Elle se laissa tomber à genoux sur le sol, essayant tant bien que mal de reprendre sa respiration. Les informations commençaient enfin à se classer dans son esprit apocalyptique. Elle commençait à comprendre totalement et à réaliser pleinement. Et une fois de plus toutes les détestables images de son exécrable vie défilèrent devant ses yeux sanglants, redoublant la puissance de l'écho de ses sanglots qui miroitaient de son abondant filet de larmes. Elle était terrifiée. Bien plus qu'elle n'était enragée. C'est une peur atroce qui l'envahissait, qui la faisait trembler et pleurer comme une petite fille. Un trop-plein qui venait d'exploser et d'expulser toutes ces immondices qui lui étaient jusqu'alors inconnues.

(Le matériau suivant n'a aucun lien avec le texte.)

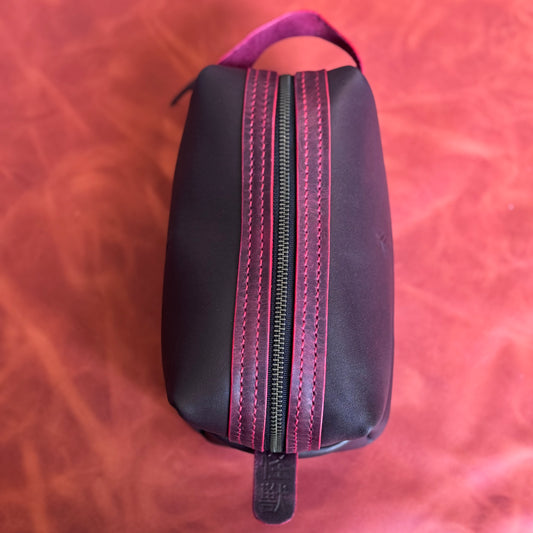 Kaiju Cut and Sew Fire Red Horween Leather Dopp Kit with Japanese Fabric liner | Handmade in Austin, Texas

Cela faisait tellement de temps qu'elle était parvenue à s'en protéger. À les éviter. Mais tout ça venait de la rattraper. Elle se sermonna, dans un chuchotement.


«Non, il ne faut pas la laisser avec d'autres... Non... Elle est dangereuse... Elle ne peut que faire du mal aux gens... Il faut la laisser seule... Toute seule...»

Elle prit une grande bouffée d'air de façon à faire résonner sa voix dans toute la maison.

«TOUTE SEULE!»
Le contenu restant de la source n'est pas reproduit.